= Institut des nanotechnologies de Lyon =

Institut des Nanotechnologies de Lyon (INL) or the Lyon Institute of Nanotechnology is a fundamental and applied research laboratory in the field of micro- and nano-technology based in Lyon, France. Its mission is to conduct research towards the development of full-fledged technologies for a broad range of application sectors (semiconductors and micro-electronics, telecommunication, energy, health, biology, industrial control, defence, environment).

The research programs draw on the resources of the Lyon-based Nanolyon technology platform.

A transversal research operation is specifically dedicated to the development of Nanocharacterization tools and techniques.

The laboratory is situated on the campuses of Ecole Centrale de Lyon, INSA Lyon, University of Lyon 1 and CPE. It comprises 120 permanent staff and approximately 95 non-permanent staff. The annual budget excluding salaries is about 3M€.

The management team is made up of Guy Hollinger (director), G. Guillot (vice-director for the INSA site), P. Morin (vice-director for the UL1 site) and Ian O'Connor (vice-director for the ECL site).

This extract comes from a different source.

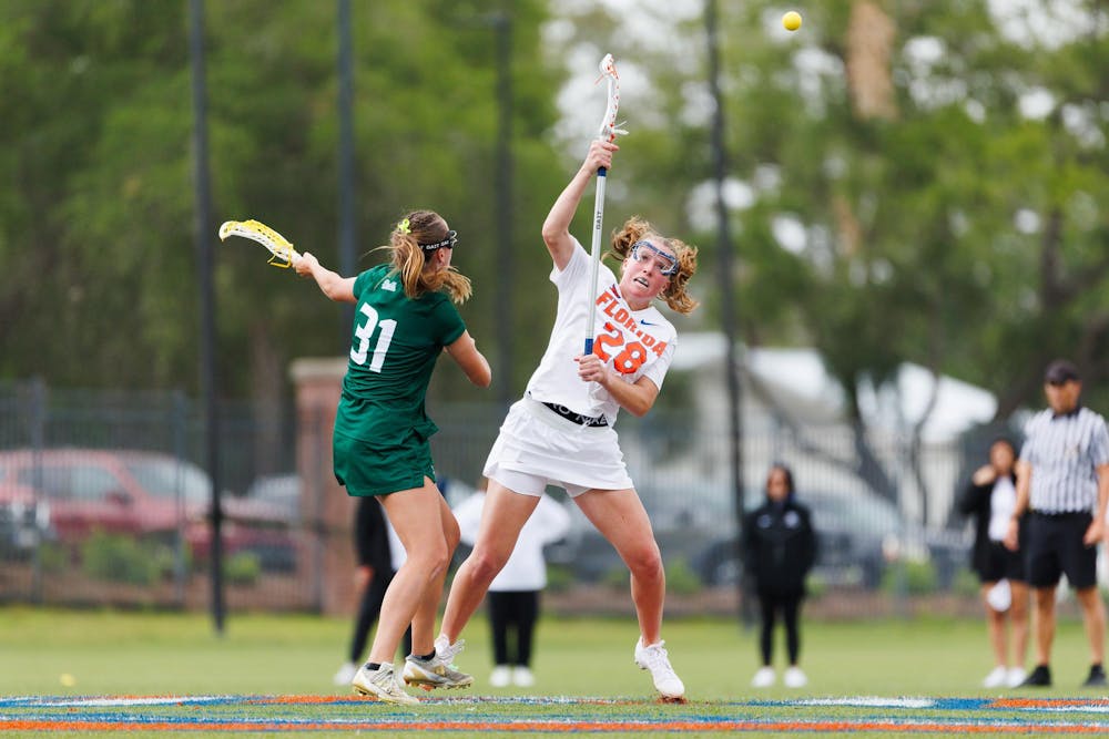 Florida defender Jenny Woodings (28) takes a draw during an NCAA Lacrosse game against South Florida, Wednesday, April 8, 2026, in Gainesville, Fla.

Under the auspices of the CNRS, INL is actively seeking excellent quality "CR2"- and "CR1"-level candidates to contribute or lead scientific and technological research in the following high-priority fields:
- Integration of new electronic and photonic functions on Silicon (material, devices and systems issues).
- Sensors, Microsystems and Sensor networks for health
- 3rd generation Photovoltaics
- Bottom up nanotechnologies and nanobiotechnologies.